Line by line, the data below should be set down unchanged, with images excluded.

• **Input data**
###
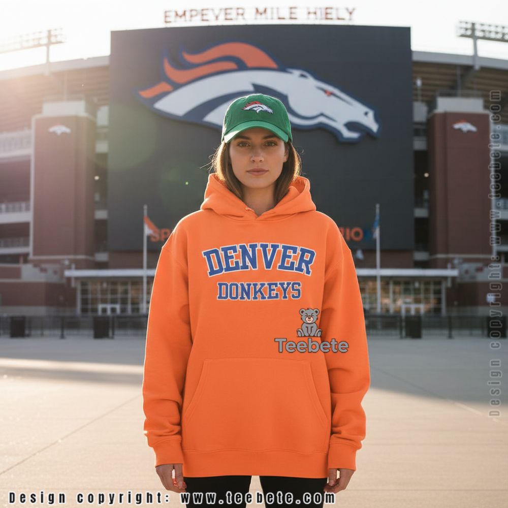 Self-deprecating humor hits different when you’re still showing up. This Denver Broncos Donkeys Funny Shirt swaps “Broncos” for “Donkeys” in classic collegiate lettering, creating a design that works for fans who can laugh at their team without abandoning loyalty. The orange tee with navy text maintains team colors while the joke acknowledges what opposing fans have been saying for years, except now you’re saying it first.
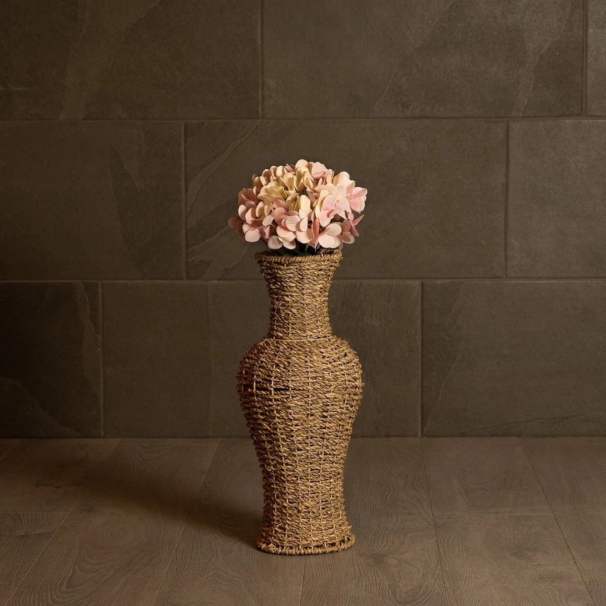 GloboStar® Artificial Garden TEXAS 21238 Διακοσμητικό Πλεκτό Καλάθι - Κασπώ Γλάστρα - Flower Pot Μπεζ Μ20 x Π20 x Υ43cm
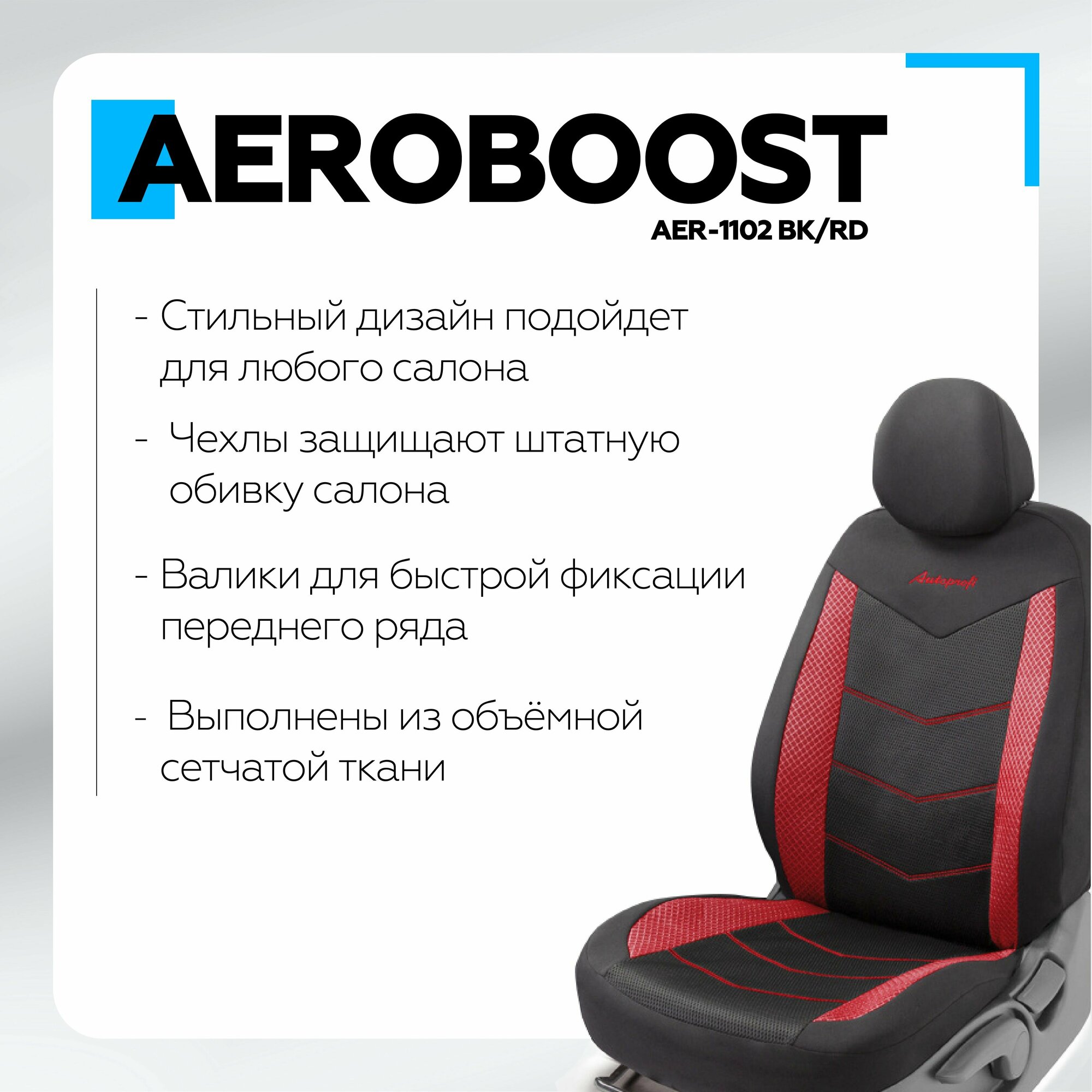Авточехлы универсальные AUTOPROFI AER-1102 BK/BK AEROBOOST, объёмная сетчатая ткань, 2 мм поролон, 3D крой, 11 пред., чёрый
###
• **Task answer**
 Self-deprecating humor hits different when you’re still showing up. This Denver Broncos Donkeys Funny Shirt swaps “Broncos” for “Donkeys” in classic collegiate lettering, creating a design that works for fans who can laugh at their team without abandoning loyalty. The orange tee with navy text maintains team colors while the joke acknowledges what opposing fans have been saying for years, except now you’re saying it first.
 GloboStar® Artificial Garden TEXAS 21238 Διακοσμητικό Πλεκτό Καλάθι - Κασπώ Γλάστρα - Flower Pot Μπεζ Μ20 x Π20 x Υ43cm
Авточехлы универсальные AUTOPROFI AER-1102 BK/BK AEROBOOST, объёмная сетчатая ткань, 2 мм поролон, 3D крой, 11 пред., чёрый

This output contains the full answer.